I loathe nights like last night.
I go to bed at a reasonable hour, because I know I have to get up at the butt crack of dawn the next morning - and I'm a responsible person that knows I need a good night's sleep before having to get up that early, spend a day teaching, and performing all of my teacher and mom duties.
But noooooo. My stupid mind has other plans.
Instead, I go to bed at a reasonable hour, lay there, and lay there, and lay there some more. I think about the plans that I have written, but not too sure about. I think about having to be gone on Thursday from school for a training and the sub plans that I need to make. I think about how in only 5 short weeks I'll be giving the real MAP test and laying there wondering how on earth I'm going to fit everything in that I need to teach these kiddos before then. That makes me think about how in 7 weeks I'll be finishing up my first school year...and then I start thinking about some of the stuff I'd like to do once school is out. Maybe start jogging again. Maybe take up yoga again. Definitely try and focus more on trying to lose weight over the summer. Which leads me think about our house hunting, and how awesome it'll be to start buying new furniture and what the house will look like and what type of design style I'll want. That takes me back to thinking about how I'll need a place I can go out jogging or a nice yard where I can do some morning yoga or go out and play with the kids.
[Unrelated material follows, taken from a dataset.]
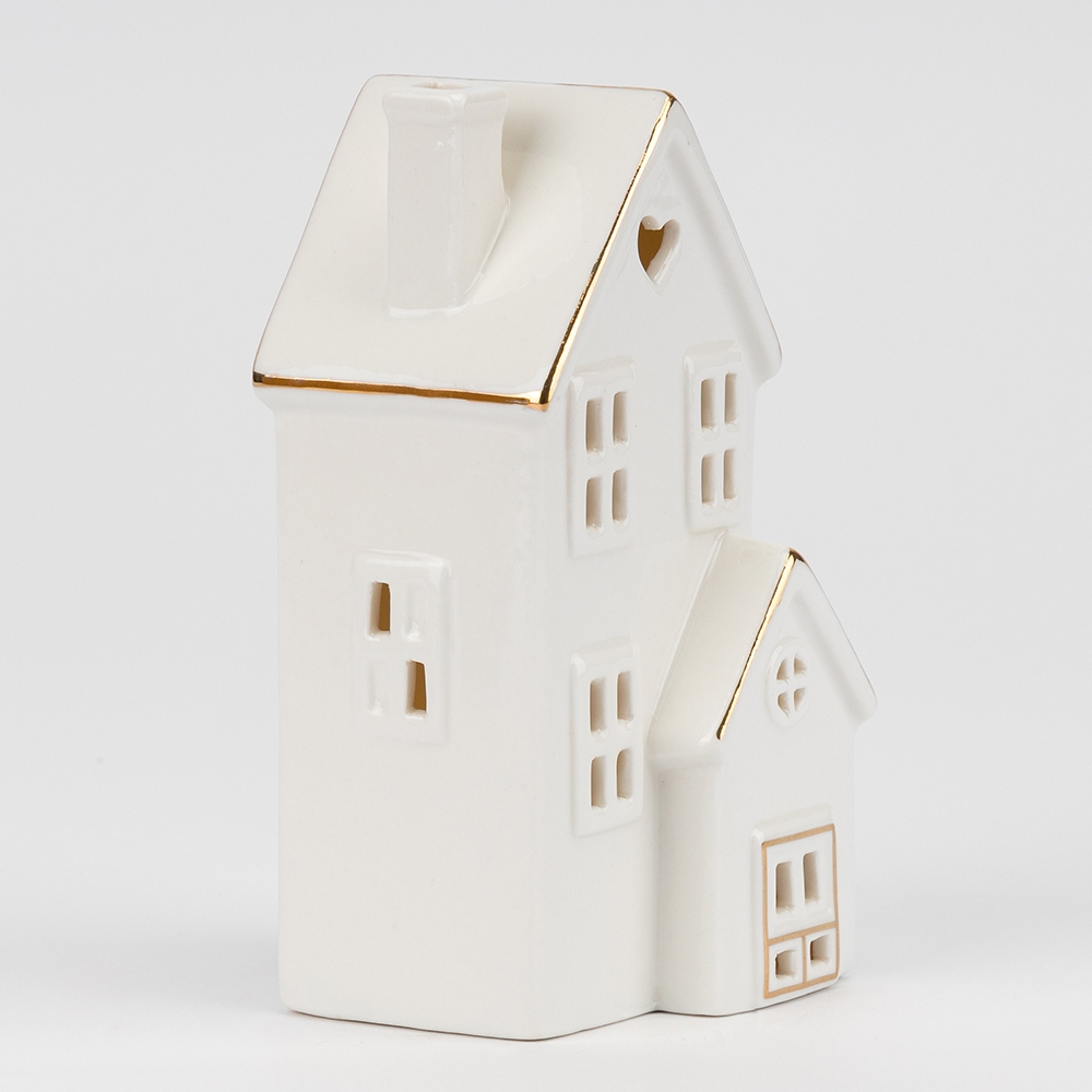 Висота - 14 см, довжина - 7,8 см, ширина - 6,8 см. Електрична свічка у формі будиночка виготовлена з міцної кераміки та оснащена LED-лампочкою. Завдяки реалістичному дизайну вона створює ефект затишного освітлення крізь віконця, нагадуючи тепле сяйво всередині дому. Ідеально підходить для декораторів, оформлення інтер'єрів у стилях хорека, кантрі, вінтаж або скандинавському стилі. Її можна використовувати для створення святкової атмосфери, романтичних вечорів чи тематичних заходів.

And the next thing I know it's 2am...and I'm still wide awake knowing that my alarm will be going off in two and a half hours.
I try to tell myself that I have to stop thinking about stuff....I must at least try and get a couple hours of sleep. I start to doze off...and then...oh, I remember that I have tutoring after school today because it's going to be Tuesday - not my usual Monday. What am I going to cover? When am I going to have a chance to finish up my plans and my sub plans? I have a meeting after school on Wednesday...that's going to take up even more time. Dang it, I totally forgot that Peanut has a track meet tonight. What time will she be back at the school to be picked up? It's going to be late, I just know it... probably between 10 and 11pm when I'll need to drive back to the school and get her.
Another 30 minutes have gone by.
And then, I finally hear my alarm clock. The minute I shut my eyes. OK, maybe two hours after I shut my eyes...but it sure felt like my eyes had just closed.
So now I get to go back to work after a four day weekend, exhausted, sleep deprived...with so much on my mind. Perfect. Just perfect.
It's my own fault, I suppose. I have four days off work, and I don't spend any of it working... like I should have been. Besides the hour I spent yesterday afternoon. But, I know by now that an hour to write plans isn't near enough time. I haven't studied my test data enough to be sure of the content I need to teach. I know that I have to make the next four weeks worth of plans to really get a better idea of how I'm going to fit everything in. And usually it wouldn't be a big deal, because I can stay after school and work on stuff. But, not this week. Tuesday I have tutoring. Wednesday a meeting. Thursday I have and all day training to go to followed by Peanut's other track meet of the week. Just so much to do in such a short week.
Well, sitting here and whining about it isn't going to fix how tired and unprepared I am for this upcoming week. I suppose I should get off here and start getting ready to tackle it all. I'm going to need a caffeine IV drip today... just to keep me going.
But, I've done it before. I'll do it again. I'll keep breathing and trudging along. I'll catch up on my sleep next weekend.